Building the Velocity Model
The velocity model is the engine of any depth section, and its construction blends seismic and well data. Stacking velocities derived during processing give a first-pass field, but these are processing parameters, not true earth velocities, so they are refined with reflection tomography that iteratively updates interval velocities to flatten common-image gathers. Borehole control sharpens the model dramatically: sonic logs supply interval velocities directly, check-shot and vertical seismic profile surveys tie travel time to measured depth at the wellbore, and formation tops anchor the depths of key interfaces. In the WCSB, operators with dense well control across mature Cardium or Viking fairways can build tightly constrained models, while frontier Duvernay or Montney step-outs lean more heavily on tomographic seismic velocities until the first wells provide ties.
Time Migration Versus Depth Migration
Time migration is mathematically valid only when velocity varies vertically, because it does not account for the ray bending that occurs when a wave crosses a dipping interface between layers of contrasting velocity. Where the subsurface has strong lateral velocity change, time migration mispositions reflectors and a simple stretch to depth inherits those errors. Depth migration solves the wave equation directly in the depth domain using the velocity model, correctly bending rays at interfaces and placing reflectors in their true spatial position. The cost is steep: prestack depth migration is computationally expensive and demands an accurate model, so WCSB operators reserve it for structurally complex plays such as the Foothills thrust belt, while gently layered plains stratigraphy is often well served by depth-converted time migration.
Fast Facts
A velocity error of just 2 percent in the overburden can shift a predicted target depth by more than 40 metres (about 130 feet) at 2,000 metres, easily enough to miss a 10-metre-thick horizontal landing window. This sensitivity is why operators in the Alberta Foothills, where steeply dipping thrust sheets stack fast carbonates over slow shales, invest in iterative prestack depth migration that can take weeks of compute time, whereas a flat-lying plains Cardium survey may be depth-converted in a single afternoon.
Related Terms
A depth section is the end product of seismic imaging that begins with a clean stack and is refined through migration. It depends on accurate noise removal earlier in the flow, including the tail mute that strips ground roll before stacking, since residual noise corrupts the velocity picks the conversion relies on. The reflections it displays are the same primaries protected from ground roll during processing, and the velocities that drive the conversion are anchored by borehole ties that connect the seismic image to real measured depth in the well.
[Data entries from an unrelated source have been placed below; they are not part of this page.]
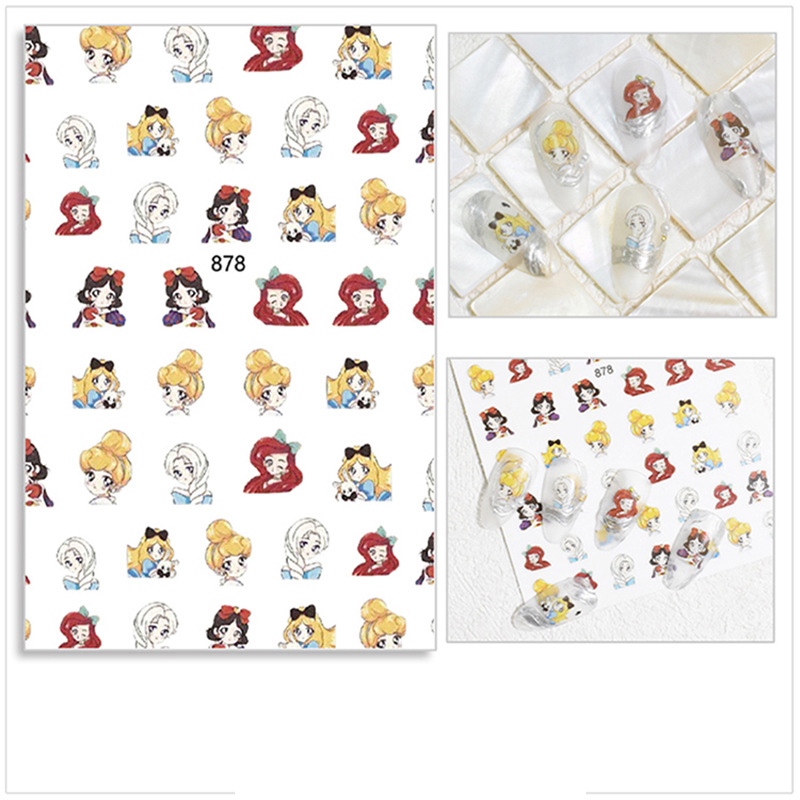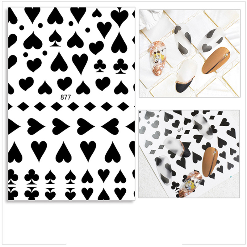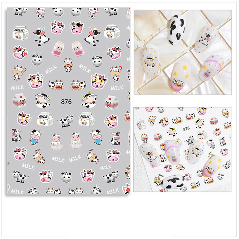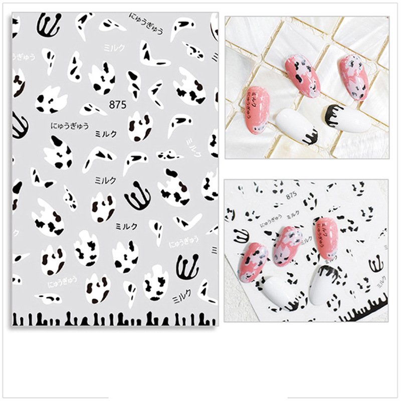 우유 소 패턴 소녀 심장 네일 아트 스티커 흑백 3d 네일 장식 데칼 작은 빨간 책 만화 공주와 함께 큰스토어 가기
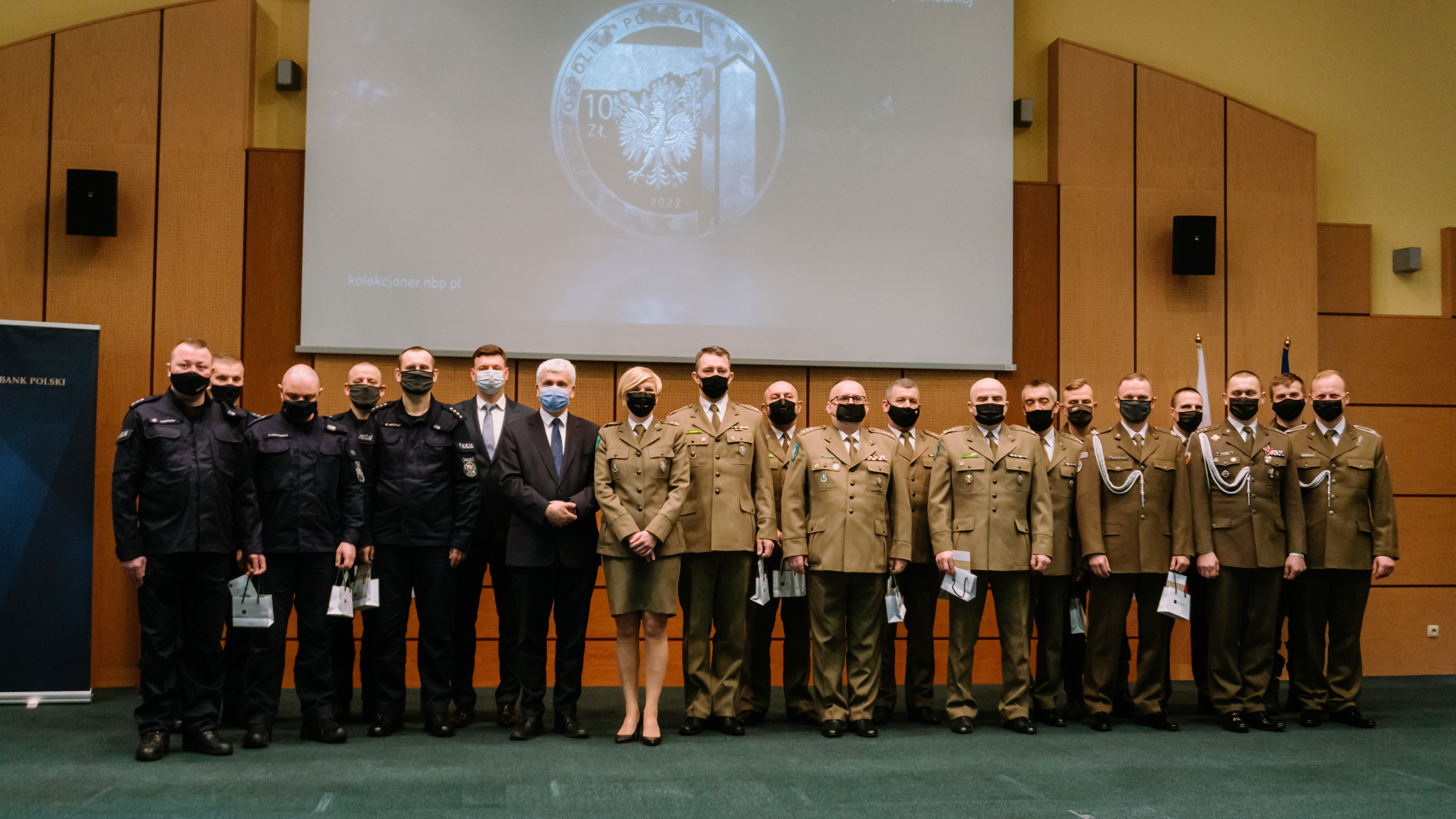 20 przedstawicieli: Podlaskiego Oddziału Straży Granicznej, 18. Białostockiego Pułku Rozpoznawczego, Podlaskiej Policji oraz 1 Podlaskiej Brygady Obrony Terytorialnej odebrało w środę (23.02) okolicznościową monetę "Ochrona polskiej granicy wschodniej", wprowadzoną do obiegu przez Narodowy Bank Polski. W ten sposób wojewoda podlaski oraz dyrektor białostockiego oddziału NBP podziękowali mundurowym za ciężką pracę dla bezpieczeństwa mieszkańców regionu i kraju.
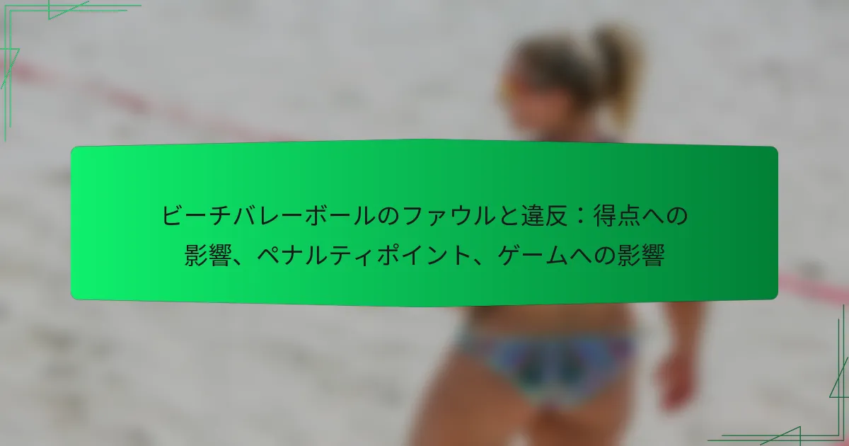 ビーチバレーボールにおける主要なファウルと違反には、公正なプレーを妨げる行為が含まれます。これにはネット違反、フットファール、違法なヒットが含まれます。これらのルールを理解することは、選手と審判の両方にとって、ゲームの整合性を維持するために重要です。
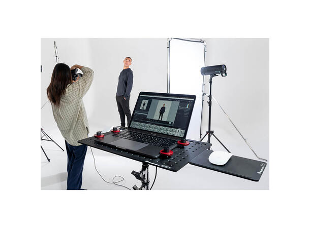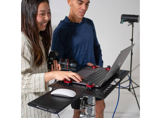 Manfrotto TetherGear PC-nettbrettplate er en ultrastabil plattform designet for å montere bærbare datamaskiner trygt og sikkert på toppen av grep og støtteutstyr som lysstativ, kamerastativ og støttearmer.
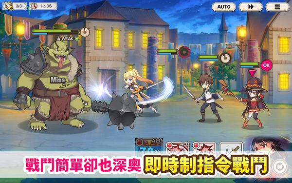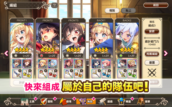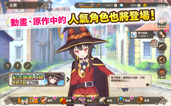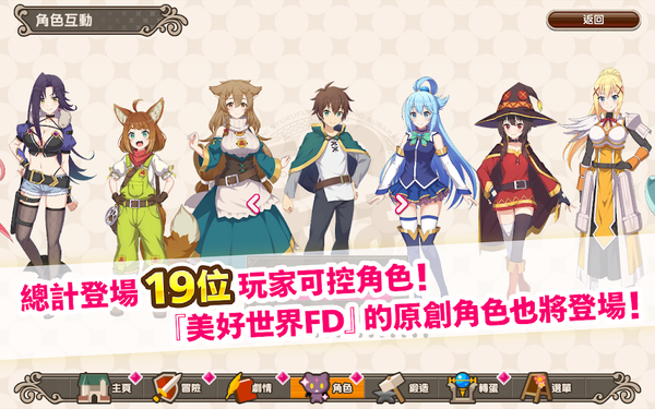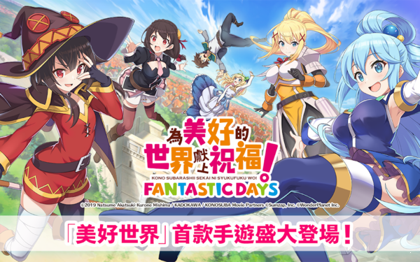 这是根据动漫改编的游戏,让我们更好的体验游戏中的剧情乐趣!为美好的世界献上祝福手游,全称为为美好的世界献上祝福Fantastic Days,一款根据经典动漫改编的轻小说主题的rpg手游。并且本站为大家带来的是该作的台服中文版,这样国内玩家体验起来就不会有语言问题,可以详细的去了解游戏的剧情。
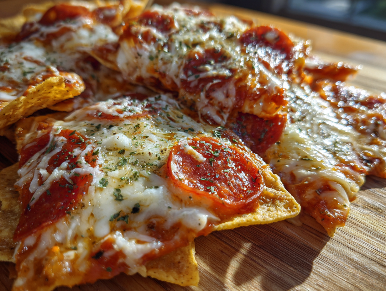 - Sprinkle shredded mozzarella evenly over the sauced chips.
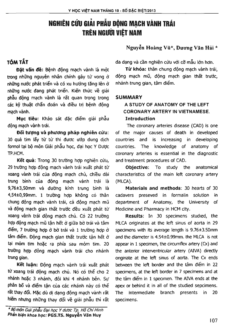 The coronary arteries disease (CAD) is one of the major causes of death in developed countries and is increasing in developing countries. The knowledge of anatomy of coronary arteries is essential in the diagnostic and treatment procedures of CAD. Objective: To study the anatomical characteristics of the main left coronary artery (MLCA). Materials and methods: 30 hearts of 30 cadavers preseved in formalin solution in department of Anatomy, the University of Medicine and Pharmacy in HCM city. Results: In 30 specimens studied, the MLCA originates at the left sinus of aorta in 29 specimens with its average length is 9.76 + or - 3.50mm and the diameter is 4.54 + or - 0.99mm. the MLCA is not appear in 1 specimen, the circumflex artery (0) and the anterior interventricular artery (AIVA) directly originate at the left sinus of aorta. The Cx ends between the left border and the tam diem in 22 specimens, at the left border in 7 specimens and at the tam diem in 1 specimen. The AlVA ends at the apex or behind it in all of the studied sepcimens. The intermediate branch presents in 20 specimens. Conclusion: The MLCA originates at the left sinus of aorta. It can divide into two branches, three branches and sometimes four branches. These branches may vary in distribution and terminal. Although the abnormality is very rare but the variation about anatomy of coronary artery is plentiful, it is need another research with more specimens.
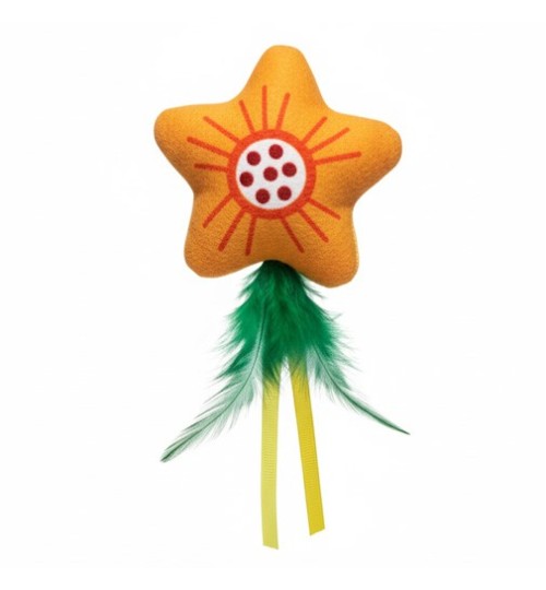 Plush star with catnip, matatabi, and tails (feather and ribbons) for cats. Light and soft for kicking, chasing, and carrying. Offers 5–10 minute runs.
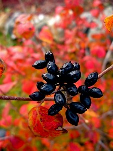 Why such devotion? Well to begin with, although these shrubs aren’t always fragrant, some of the earliest blooming, and most beautifully scented flowers are produced by species of viburnum. The intensely fragrant Viburnum bodnantese ‘Dawn’ blooms at roughly the same time as the witch hazel in my zone 4/5 garden, filling the air with the most wonderful, almost edible, scent. Closely following V. bodnantense in flower is V. carlesii, (hardy in zone 4-8), better known as Korean spice shrub or Mayflower viburnum. This intoxicatingly fragrant shrub is the coveted Viburnum of my childhood memory, and her gorgeous great-grand daughter now occupies a prominent spot near my front door. Come autumn, her leaves will turn brilliant orange-red, (see photo below), and her shiny black fruits gleam amongst the glowing foliage like polished obsidian jewels….
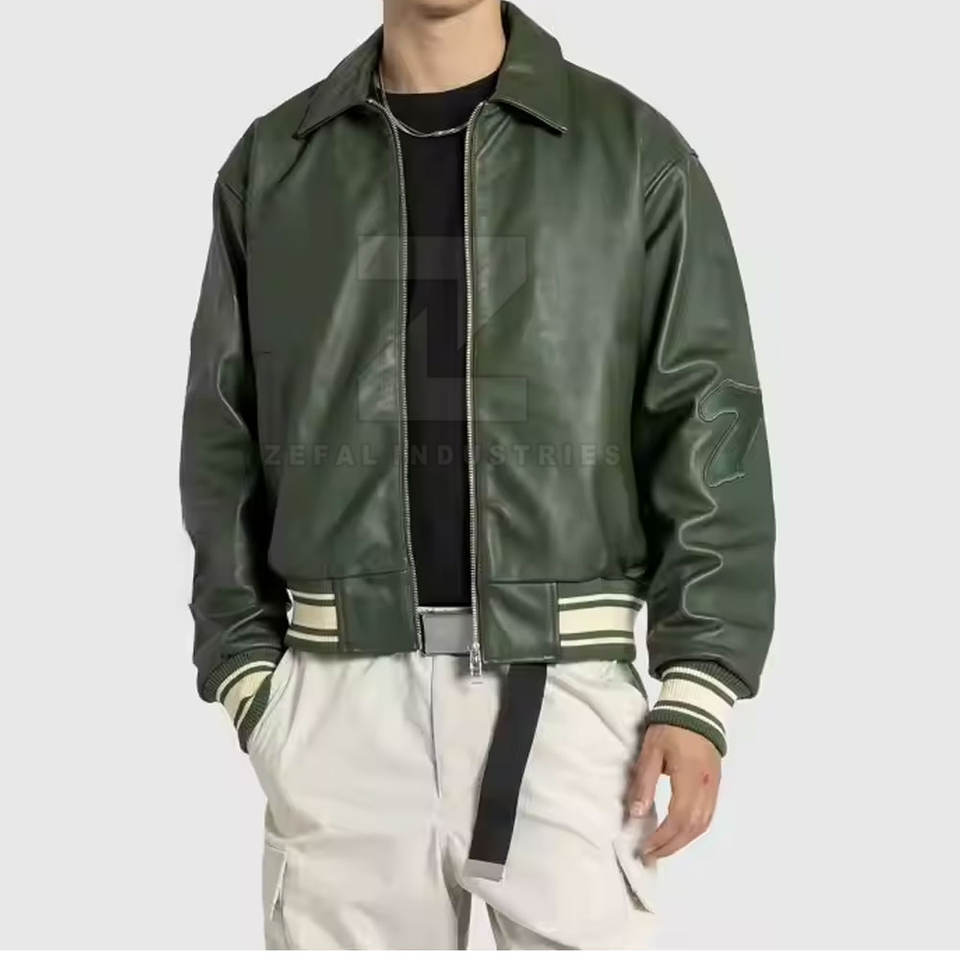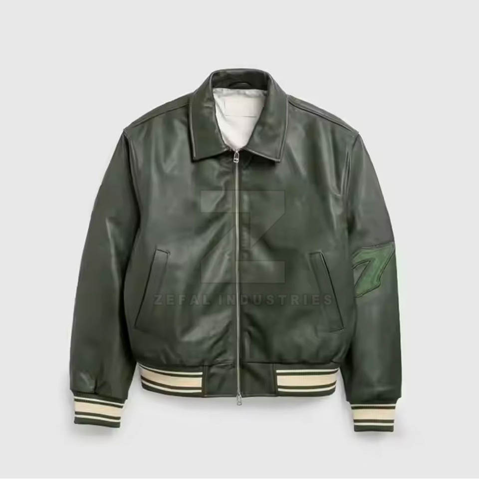 Chaqueta de Cuero para Hombre, Estilo Bomber, para Invierno, con Cuello Alto y Logotipo Frontal, Talla Grande, Impermeable y Resistente al Viento, Fabricada en Fábrica

Real-World WCSB Scenario: Landing a Foothills Well Near Rocky Mountain House
An operator targeting a tight gas sand within a thrust-faulted structure in the Alberta Foothills near Rocky Mountain House finds that the time section shows an apparent four-way closure, but a fast Nisku carbonate in the hanging wall is suspected of creating a velocity pull-up that exaggerates the structure. Rather than risk a CAD 9 to 12 million deep well on a possibly artificial high, the team commissions a prestack depth migration, building a velocity model from three offset wells, sonic logs, and reflection tomography over roughly six weeks of processing.
The resulting depth section shows the true closure is smaller and 60 metres deeper than the time image implied, and the crest is laterally offset by 250 metres. The well is repositioned and reaches the target within 8 metres of prognosis, a result that would have been a costly miss had drilling proceeded from the distorted time section alone.